Sarasota City Commissioner Paul Caragiulo had just a couple of minutes to present six major legislative priorities on behalf of the city to the county’s state legislative delegation Wednesday.
It was a small window to communicate a stance on issues that could substantially affect the city’s future. Without pension reform, the city’s long-term financial outlook is dire. If the communication services tax is repealed, the city loses $4 million in annual revenue. Proposed legislation prohibiting red-light cameras would lose the city more than $1 million, too.
Caragiulo encouraged presenting as few priorities as possible for maximum emphasis — and two of the six major priorities have drawn his ire. One, which Vice Mayor Willie Shaw proposed, endorses the repeal of Florida’s Stand Your Ground law, and the other, which Commissioner Susan Chapman proposed, would offer protection from lawsuits for members of neighborhood associations.
“One, I don’t agree with it in principle,” Caragiulo said. “Two, it’s sort of just distracting from things that are pressing for the city financially.”
Chapman said her priority — which would target strategic lawsuits against public participation, or SLAPP — stems from a 2006 case against the Bayou Oaks Neighborhood Association.
SLAPP cases, filed against those who petition the government or speak about a subject of the public interest, are often seen as jeopardizing free speech. Rather than bear the expenses of a legal defense, the defendant could cease his efforts regardless of whether the plaintiff is likely to win.
Anti-SLAPP legislation already offers protection from these lawsuits to homeowners association and condominium association members; Chapman wants to see that protection extended.
“If there had been anti-SLAPP legislation protecting neighborhoods, it would have been dismissed immediately,” Chapman said of the Bayou Oaks case. “Instead, it went on for two years.”
Chapman was not enthused by the fact that Caragiulo, far from passionate about the anti-SLAPP legislation, would be advocating for the cause in front of the legislative delegation. She disagreed with the extent to which his personal outlook seemed to be affecting how he was preparing to present the legislative priorities.
“I think he considers himself somehow the lobbyist for the city, but I don’t think he is,” Chapman said.
Caragiulo said a major reason he didn’t support the anti-SLAPP legislation as a major priority was because it wasn’t an issue already on the table among the state legislators.
“You’re asking, in essence, the legislators to draft a bill,” Caragiulo said. “That’s not normally the way it works.”
Caragiulo and Chapman do share some common ground, though: Both commissioners questioned the utility of Wednesday’s meeting. Caragiulo described the hearings as “pretty perfunctory” and said substantive conversation was infrequent.
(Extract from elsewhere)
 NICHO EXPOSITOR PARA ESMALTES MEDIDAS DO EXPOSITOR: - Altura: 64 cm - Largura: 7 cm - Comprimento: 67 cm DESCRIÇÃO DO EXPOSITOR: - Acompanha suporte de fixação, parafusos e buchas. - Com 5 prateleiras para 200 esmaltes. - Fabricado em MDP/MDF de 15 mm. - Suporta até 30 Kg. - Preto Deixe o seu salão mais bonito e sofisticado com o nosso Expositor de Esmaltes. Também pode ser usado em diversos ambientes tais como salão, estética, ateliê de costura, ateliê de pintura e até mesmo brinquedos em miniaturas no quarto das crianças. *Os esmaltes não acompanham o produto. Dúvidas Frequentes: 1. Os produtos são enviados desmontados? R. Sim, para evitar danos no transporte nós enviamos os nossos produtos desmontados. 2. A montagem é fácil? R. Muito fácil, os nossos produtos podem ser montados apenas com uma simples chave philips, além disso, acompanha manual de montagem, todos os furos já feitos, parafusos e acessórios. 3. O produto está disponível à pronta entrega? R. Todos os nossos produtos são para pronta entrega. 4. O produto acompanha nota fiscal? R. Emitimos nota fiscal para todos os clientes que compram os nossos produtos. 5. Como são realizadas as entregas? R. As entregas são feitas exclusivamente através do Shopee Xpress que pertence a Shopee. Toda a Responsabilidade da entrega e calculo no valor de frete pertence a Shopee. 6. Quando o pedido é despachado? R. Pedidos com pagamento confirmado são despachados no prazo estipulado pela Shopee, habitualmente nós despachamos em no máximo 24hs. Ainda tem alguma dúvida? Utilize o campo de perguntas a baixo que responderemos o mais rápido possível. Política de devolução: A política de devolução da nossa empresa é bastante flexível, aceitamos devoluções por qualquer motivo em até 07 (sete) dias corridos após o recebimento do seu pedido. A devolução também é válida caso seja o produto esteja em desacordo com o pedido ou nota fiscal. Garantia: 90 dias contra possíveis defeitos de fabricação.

He said conducting more serious, effective dialogue with state politicians was an ongoing process.
Chapman said state legislators would be more motivated by appeals from their constituents than by the priorities of a single city commission.
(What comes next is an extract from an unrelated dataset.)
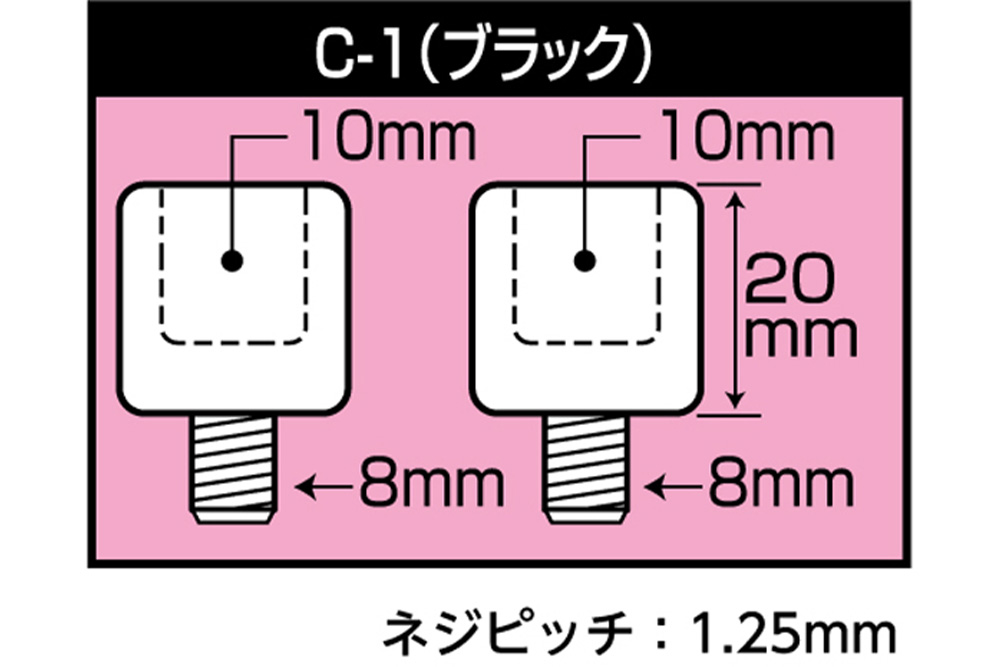 ■8mm・10mmのネジ径を問わずバックミラーをネジ径変換することにより、取付けを可能にするアダプターです。

“I’m a little skeptical about why even have legislative priorities; they consider us five citizens,” Chapman said. “They pat us on the head and do what they want.”
2014 Major Sarasota Legislative Priorities:
• Support legislation that provides comprehensive firefighter and police officer pension reform.
• Support state funding for homeless programs and aid groups that oversee them.
• Support the repeal of the Stand Your Ground statute.
• Support legislation that will extend anti-SLAPP protection to neighborhood associations.
• Oppose legislation that restricts or eliminates the city’s authority to levy or expand the communications services tax.
• Oppose legislation that would repeal the city’s authority to use red-light cameras.